Supplied information:
-------

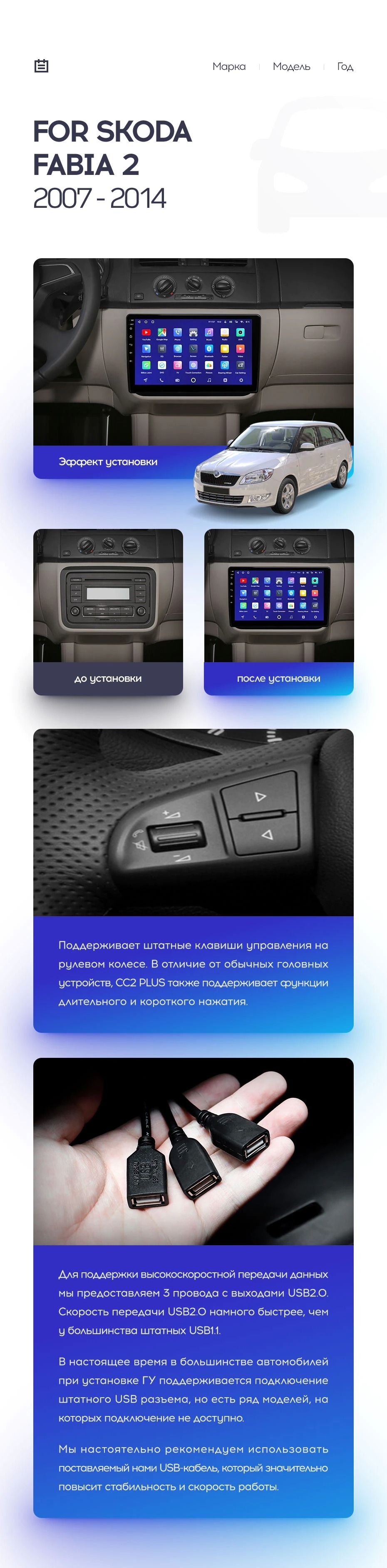 Модель Teyes CC2 Plus - это именно та штатная магнитола, которая полноценно заменит в вашем автомобиле все мультимедийные устройства. Большой и красочный дисплей, управление голосом, интернет и навигация, безупречная акустика и всё то, что так любят автомобилисты - комфорт и мощность во время езды.
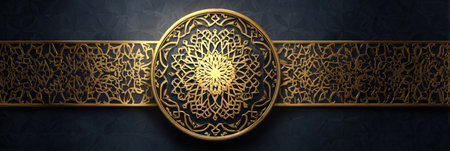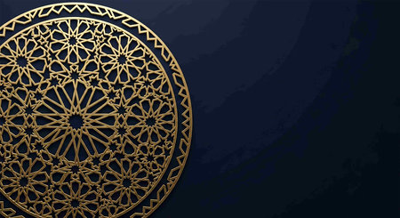 Background design illustration based on traditional oriental graphic motifs. Islamic decorative pattern with golden artistic texture. Arabian ethnic mosaic with interlacing lines and geometric tiled ornaments.
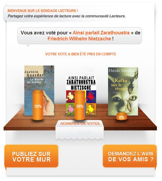 Chaque semaine, la Fanpage Lecteurs propose à ses fans de voter pour leurs lectures préférées parmi une série de 3 romans ou BD, et de partager leur sélection avec leur cercle d’amis. Les résultats de l’ouvrage ayant obtenu le plus de votes sont ensuite publiés, afin d’engager la discussion autour du choix des lecteurs, et ainsi confronter les idées de chacun.

-------

Brief: What is needed here is each line above set down word for word, minus the images.

Output for this exercise:
 Модель Teyes CC2 Plus - это именно та штатная магнитола, которая полноценно заменит в вашем автомобиле все мультимедийные устройства. Большой и красочный дисплей, управление голосом, интернет и навигация, безупречная акустика и всё то, что так любят автомобилисты - комфорт и мощность во время езды.
 Background design illustration based on traditional oriental graphic motifs. Islamic decorative pattern with golden artistic texture. Arabian ethnic mosaic with interlacing lines and geometric tiled ornaments.
 Chaque semaine, la Fanpage Lecteurs propose à ses fans de voter pour leurs lectures préférées parmi une série de 3 romans ou BD, et de partager leur sélection avec leur cercle d’amis. Les résultats de l’ouvrage ayant obtenu le plus de votes sont ensuite publiés, afin d’engager la discussion autour du choix des lecteurs, et ainsi confronter les idées de chacun.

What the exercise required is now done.